## [Your instructions]
Whenever a picture appears in the data, skip it and write out all other material exactly.

## [Stored data]
%%

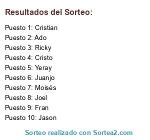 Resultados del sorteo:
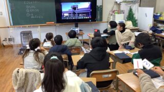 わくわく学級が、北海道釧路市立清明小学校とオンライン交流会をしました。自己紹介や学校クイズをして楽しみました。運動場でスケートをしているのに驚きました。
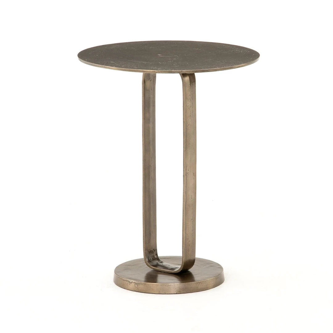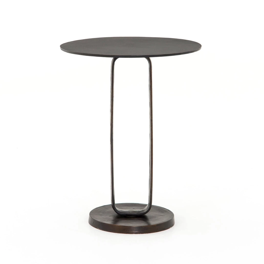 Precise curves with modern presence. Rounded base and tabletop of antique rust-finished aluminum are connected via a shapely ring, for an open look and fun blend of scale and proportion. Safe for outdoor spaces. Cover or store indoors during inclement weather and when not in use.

%%

## [Solved problem]
 Resultados del sorteo:
 わくわく学級が、北海道釧路市立清明小学校とオンライン交流会をしました。自己紹介や学校クイズをして楽しみました。運動場でスケートをしているのに驚きました。
 Precise curves with modern presence. Rounded base and tabletop of antique rust-finished aluminum are connected via a shapely ring, for an open look and fun blend of scale and proportion. Safe for outdoor spaces. Cover or store indoors during inclement weather and when not in use.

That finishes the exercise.